Alphabicycle Order is a half-hour fantasy using narration and children's singing with a brilliant orchestral canvas. It stands in the lines of tradition established by Rawsthorne's Practical Cats at one extreme and Mathias's This Worldes Joie at the other. Indeed the glint and tinkle of the percussion rather suggest that Colin Matthews was listening closely to Mathias in the 1960s and 1970s. We know Henry Goodman's voice from another peak in Hallé's distinguished catalogue: the complete music for RVW's The Wasps. This work is no charter for softies. There are some really eerie moments and every one of Christopher Reid’s poems—one for each letter of the alphabet—has a tang, a barb, a chuckle or a screech. The squeak of the trembling Jelly poem complete with a howlingly bad play on words is remarkable—once heard never forgotten. Nosebush has a Brittenesque spit and spatter of pizzicato as well as some childlike innocent word fun. The Oy Oy has the narrator rushing through his words to the off-sync shouts of Oy! Oy! from the children's choir. How dreadful if this work had been too civilised—too fifties! Instead there's enough danger here to ensure it stays the provocative side of civilised. There's also enough in the way of aural surprises to keep everyone jumping. Adult sentiments cut across and through this music so that participants and listener are challenged and shocked/intrigued.
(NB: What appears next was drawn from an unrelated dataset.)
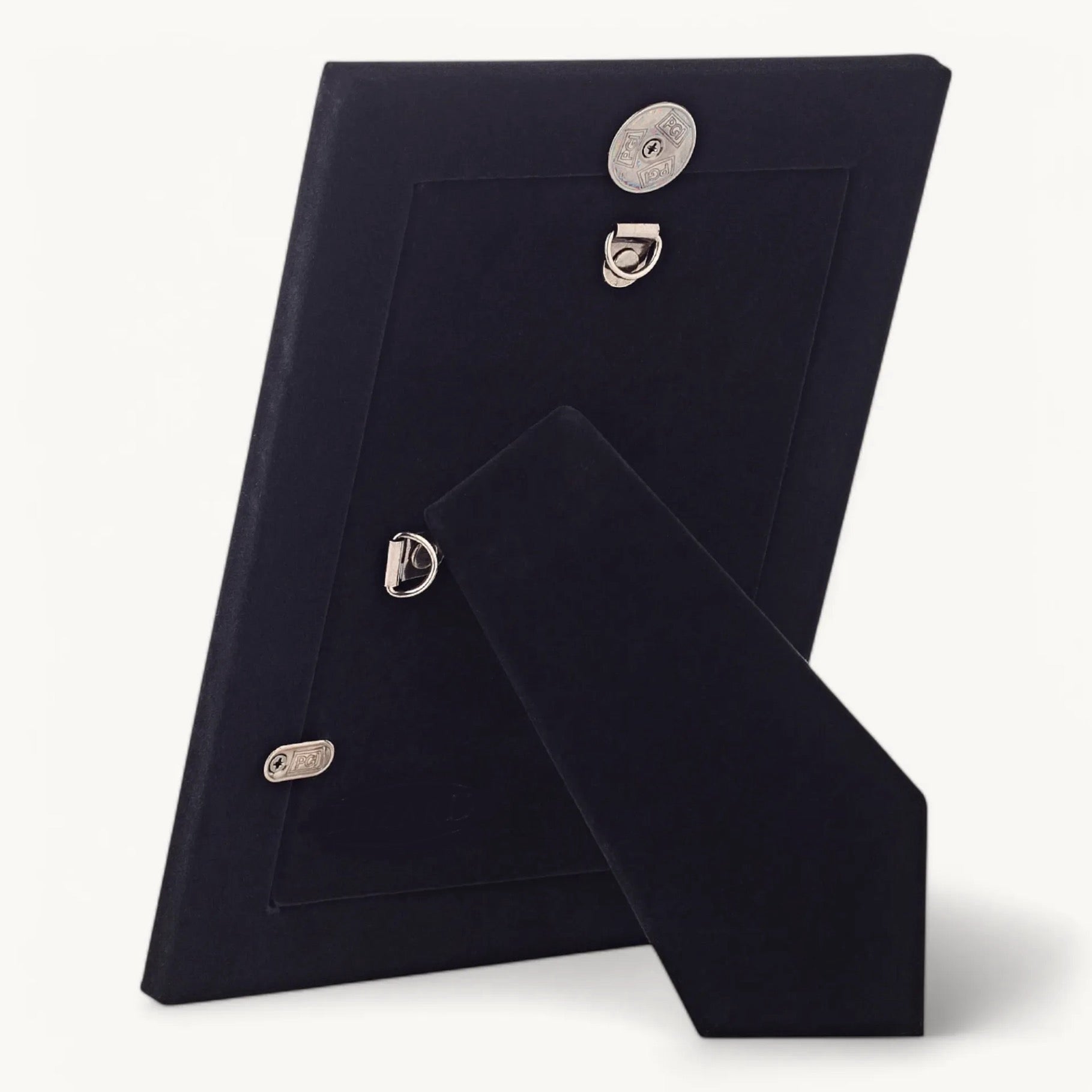 Conçu pour accueillir une photo 20 x 25cm, ce cadre haut de gamme est doté d’un dos en velours et d’une protection anti-ternissement, garantissant une brillance durable sans entretien contraignant. Polyvalent, il peut être posé ou accroché au mur, en format portrait ou paysage.

How about the umpire Vampire—needed to keep today's sportsmen in order and ready to mete out bloody retribution for the slightest defiance. The strange fanciful creatures reminded me of another work from an earlier era. It’s just as zany and awaits a first recording: Josef Holbrooke's Bogey Beasts to illustrations by Sidney Sime. Matthews plays dissolute fun with Saint-Säens carnival. In The Yatch harbour is bullied into rhyming with macabre and the poem ends with the wreck of The Yatch to the words: “Poorly built … so badly spelt!”.

All the words are printed in the booklet and the performance is complete with applause from an audience otherwise very quiet.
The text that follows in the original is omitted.